29.3.06

Recuperar la compasión

Agosto 20, 2004.

Estoy convencido de que nunca, en ningún aspecto de la vida sobre la tierra, un encuentro es casual. En la vida humana, los encuentros conforman las líneas del único diálogo posible con una voluntad a la que llamo Dios, aunque pueda ser llamada como sea. Y sólo en ese diálogo puede hablarse de historia. Nada es casual, ni encuentros ni reencuentros, ni siquiera desencuentros, porque la libertad reside en mis respuestas.
Por esta certeza siempre he cuidado cada encuentro, pero mucho más desde la caída de todas las certezas compartidas.
Terminó el Segundo Milenio y yo, entre muchos otros, lo despedí como al milenio cruel: en mi segunda mitad de siglo XX se lanzó la bomba atómica (hace 59 años mientras esto escribo) y la guerra dejó de ser solamente brutal para volverse helada, irreprochable y, en el peor sentido de la palabra, sádica. Se abrió el siglo XXI del Tercer Milenio y muchos pensamos que ya no era posible superar aquello, pero la caída de las Torres Gemelas vino a enloquecernos con mayor violencia.
Y me encuentro con un diálogo que parece escrito hoy: “Al principio parecía que iba a ser suficiente con un centenar de muertos; pero luego se vio que ni siquiera con millones sería suficiente y hoy ya no podemos ni contarlos: tantos hay por aquí, por allá, por todas partes..”
Es un diálogo de Marat que escribe en su tina (“¿Y qué es una tina llena de sangre en comparación con toda la que tiene que correr aún?”).
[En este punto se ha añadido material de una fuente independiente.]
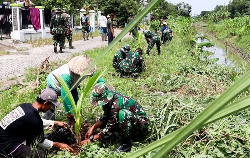SURABAYATODAY.ID, BOJONEGORO – Menjaga semangat kegotongroyongan, jajaran TNI di Kabupaten Bojonegoro, bersama pemerintah desa dan warga nasyarakat Desa Sukowati Kecamatan Kapas, bersinergi melaksanakan kegiatan penanaman pohon kelapa genjah. Ada sebanyak 350 pohon yang ditanam di sepanjang jalur kali Afvoer di desa setempat.

Es Marat protagonizado por un paranoico en la puesta en escena del Marques de Sade de su asesinato a manos de Charlotte Corday (biznieta de Corneille, comme il faut) en el manicomio de Charenton. Un diálogo del invencible texto de Peter Weiss (Marat/Sade) escrito hace hoy cuarenta años.
Y ante la sugerencia de una obra estudiantil reviso Marat/Sade, como suelo encontrarme con los vivos y los muertos, para oírlos hablar en mi propio aquí y en mi propio ahora. Marat-Sade me increpa y nos increpa a todos inclusive más que hace cuarenta años porque Weiss fue un profeta.
Veo en las noticias cómo se reproducen nuevos actos de terrorismo islámico y vuelvo la mirada al diálogo de Marat: “Lo que sucede aquí nadie puede pararlo. Estos hombres han sufrido demasiado antes de esta venganza. Ustedes sólo ven esta venganza sin pensar que ustedes mismos los han llevado a ella. Ustedes lloran hoy, con un sobresalto de justicia, la sangre derramada.” Y pienso también en la violencia de nuestra capital tercermundista de la cual soy un tránsfuga.
Llega entonces el Marqués de Sade a definir, desde cuarenta años antes, lo que hoy es mi 2004: “Aquello era una fiesta que hace palidecer a todas las fiestas actuales. Condenamos sin ninguna pasión. Ya no hay bellas muertes individuales ofrecidas en espectáculo. Sólo queda una rutina mortal, anónima, por la que pueden ser pasados pueblos enteros con un cálculo frío, hasta el día, por fin, en que toda la vida sea asesinada. La compasión, Marat, es patrimonio de los privilegiados.”
Participo en el diálogo y me niego a aceptar. No estoy de acuerdo con el divino Marqués ni con Peter Weiss: no hay compasión en Bush, ni en Sharon, ni siquiera en Bin Laden, ni en la estupidez que nos gobierna sea del PRI, del PAN o el PRD, y ellos son los privilegiados. La compasión no es un privilegio, es un dolor que nos hace falta en la boca del estómago. Compartir el pathos del otro, sea quien sea. Revivir en la propia carne su agonía.
Esa compasión nos hace falta a todos: la perdimos hace 59 años (mi edad) en Hiroshima y llegamos sin ella a la vuelta del milenio.
Voz, teatralmente desdoblada en otras voces, Peter Weiss, quien murió en 1982, vino desde su texto de 1984 a enfrentarme con la lívida frialdad ante la muerte del Marqués de Sade, en un extremo, y con la justificación de la violencia revolucionaria de Marat, en el otro. Las condiciones de este encuentro de voces con la mía es mucho más cercanas hoy que hace cuarenta años, cuanto se venía gestando la explosión del 68 que me estructuró moralmente junto a muchos otros de mi generación.
Si en aquel entonces lloré y aposté por Jean-Paul Marat, el revolucionario radical, el Cristo desangrado en su bañera, hoy me estremezco como Charlotte Corday porque me encuentro equidistante de formulaciones de aristócratas cínicos y fríos o de ultras que recuperan violencias totalitarias. Como Charlotte Corday, con el puñal en mis manos, metáfora de las propias e insalvables culpabilidades de los testigos-cómplices, hago mío este texto de Weiss: “¿Qué ciudad es ésta? ¿Qué calles son éstas? ¿Quién ha imaginado todo esto para enriquecerse con ello? He visto a comerciantes por todas las esquinas vendiendo guillotinitas de cuchillas cortantes, chiquititas, y muñecas llenas de un líquido muy rojo que les brota del cuello cuando las decapitan. ¿Qué niños son esos que juegan a esos juegos? ¿Y que niño pronuncia las sentencias?”